DEAR MONICA—THAT’S how you start a letter, with a salutation, I’d almost forgot.
Monica, my dear, my love, my girl woman pony heart—I’ve written you a letter! On paper! With pen! A letter!!!
(How many exclamation points do I have to use nowadays to come off as normal???)
Hope you can read my scribbles.
Now I know what you’re thinking: You’re thinking that if I’ve gone to all the trouble of cursiving and sending you a Marriott Marquis stationery/Marriott Marquis ballpoint letter all the way from the middle of my business trip to New York, I must have something serious, something grievous, to tell you, because letters are for serious grievous occasions, like Latin is for funerals.
In my mind, I can see you sitting down now, green couch, den, and preparing yourself with a breath to hear that I’ve been diagnosed with over 70,000 incurable rare cancers, or that I’m leaving you for someone else, but don’t worry. Or do worry, but about yourself: Because while I’m fairly sure that I’m in decent health, I’m just as certain that, at the end of this, you’ll be the one leaving me.
OK. My computer. It seems as if my computer has been hacked and all the crap on it, or all the crap related to all the accounts related to it, or whatever—everything I’ve ever done on it—has been made public.
I was alerted to this fact by a phone call from HR—apparently, the attack has struck throughout the company. Striking most of management too, along with all the road reps. I’m just putting that out there, the extent of the attack, not so as to evade responsibility by spreading guilt or victimhood around but just as reassurance, to reassure you more than myself: I’m not alone.
It’s all out there, all of us now: not just my company emails and files but my personal emails and files, all our chat logs together, our banking.
I’m sorry, Monica, I apologize. You’re about to find out many things.
I love you. That’s the most important thing. That I love you and our life together. That I love what we have very much. I see your face every night when I shut down my head, in a new bed in a new room in a new hotel, wherever the company gets a discount. Your voice is the sound that every morning wakes me.
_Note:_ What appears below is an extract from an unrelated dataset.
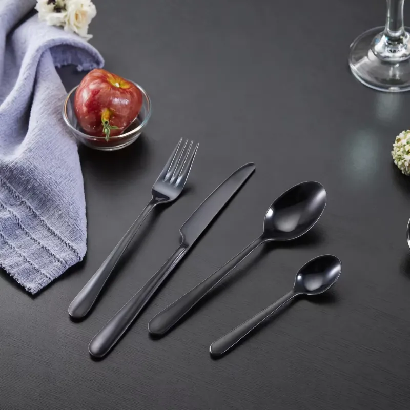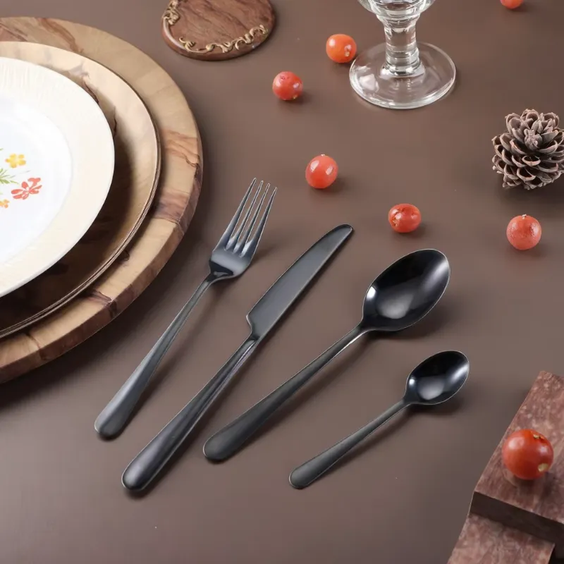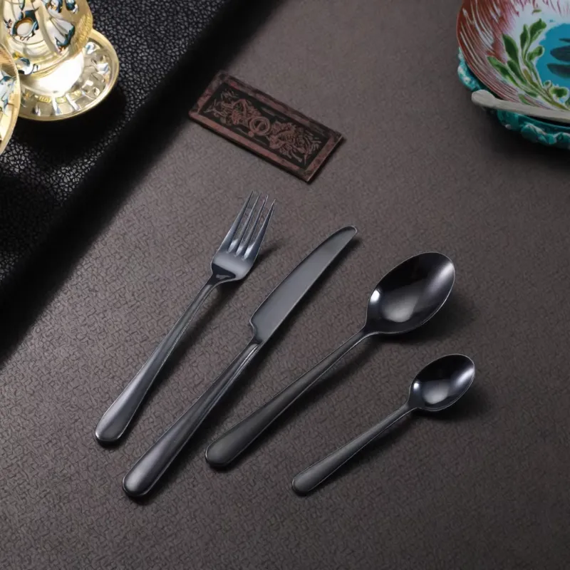 Cathylin Luxury Europe Flatware China Manufacturer 4 PCS Black Classic Stainless Steel Luxury Cutlery Set for Event Wedding

But sometimes I just lose it. I’m ashamed, but I do.
It happens when I’m too far out, when I’ve been gone for an extended stretch and everything like a dream just fades away for me.
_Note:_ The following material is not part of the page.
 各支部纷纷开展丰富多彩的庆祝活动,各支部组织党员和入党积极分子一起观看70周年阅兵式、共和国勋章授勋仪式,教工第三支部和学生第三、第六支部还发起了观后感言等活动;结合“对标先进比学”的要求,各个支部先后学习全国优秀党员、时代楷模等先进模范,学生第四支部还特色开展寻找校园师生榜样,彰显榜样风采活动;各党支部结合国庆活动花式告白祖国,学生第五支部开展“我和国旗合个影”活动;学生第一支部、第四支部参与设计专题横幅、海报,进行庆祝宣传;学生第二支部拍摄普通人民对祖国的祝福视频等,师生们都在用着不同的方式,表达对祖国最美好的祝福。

I forget who I am, what joy I have.
I have sex with other women. This has never happened in LA, only on the road, and there is never any emotional involvement on my part. The sex is always safe. Or mostly safe. I promise to get tested.
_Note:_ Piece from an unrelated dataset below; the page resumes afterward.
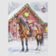 Bonito papel de tecidos de Natal, com a ilustração de um cavalo marrom parado em frente a um belo celeiro vermelho decorado em luzes de Natal e uma coroa festiva num dia de inverno nevado.
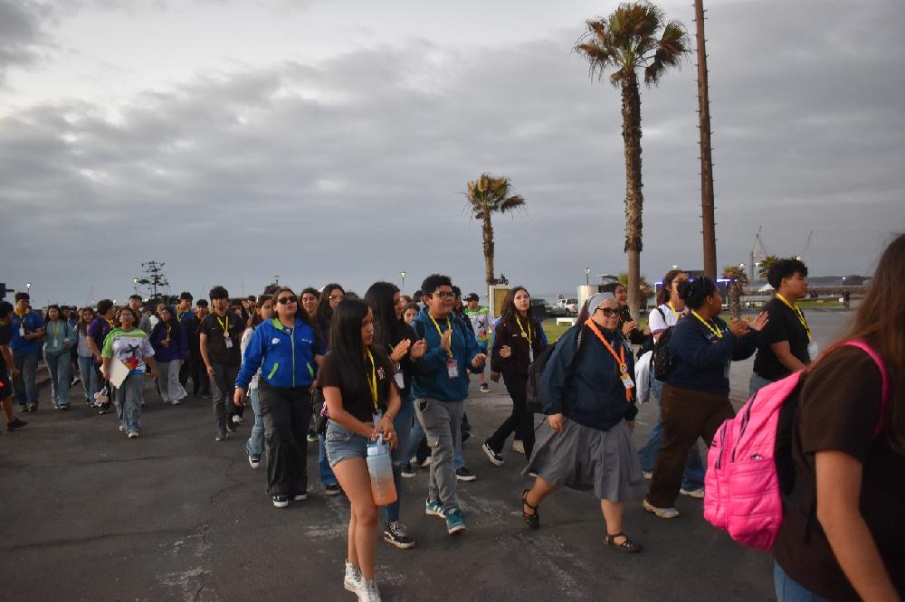 Tras un momento de descanso, la jornada continuó en la Ex Isla El Alacrán, un entorno privilegiado para contemplar la naturaleza y abrir el corazón a Dios. Allí se vivió un conmovedor momento de Adoración al Santísimo, donde Jesús Sacramentado fue expuesto para la oración personal y comunitaria. Muchos jóvenes, de rodillas, presentaron su vida a Cristo. En ese clima de silencio y recogimiento, también se ofreció el Sacramento de la Reconciliación, al cual numerosos participantes acudieron mientras continuaba la Adoración. Finalizado este momento, se emprendió una Peregrinación rumbo a la Catedral San Marcos.

Better that you find this out from me than online.
You don’t want to go online, Monica, you don’t want details. It sounds perverse, I know, but: Trust me.
I will never cheat on you again. Or even be in contact with these women. I will go, alone or with you or both, to counseling of your choosing. And I will stop taking Modafinil (Provigil), and I will stop posting on men’s rights subreddits (under all my names). All of that brute shit I wrote about your parents I didn’t mean. And I will repay the money, about $70,000, which I took from the 401(k). I never did make those investments. And what investments I did make failed.
I’m currently on the phone, on hold, trying to cancel the Visa.
And now I’m off—to figure out how to contain that other damage: the professional damage. I want to keep my job. I want to keep my wife. I’ll be back in LA by Wednesday, this letter should land there by Mon or Tues. How many times have you reread it already? Or is it shredded? If you prefer that I don’t come home, just say so, but don’t email. Tie a ribbon that isn’t yellow to the front yard oak and I’ll stay away—Monica, I’ll check every day until it’s gone.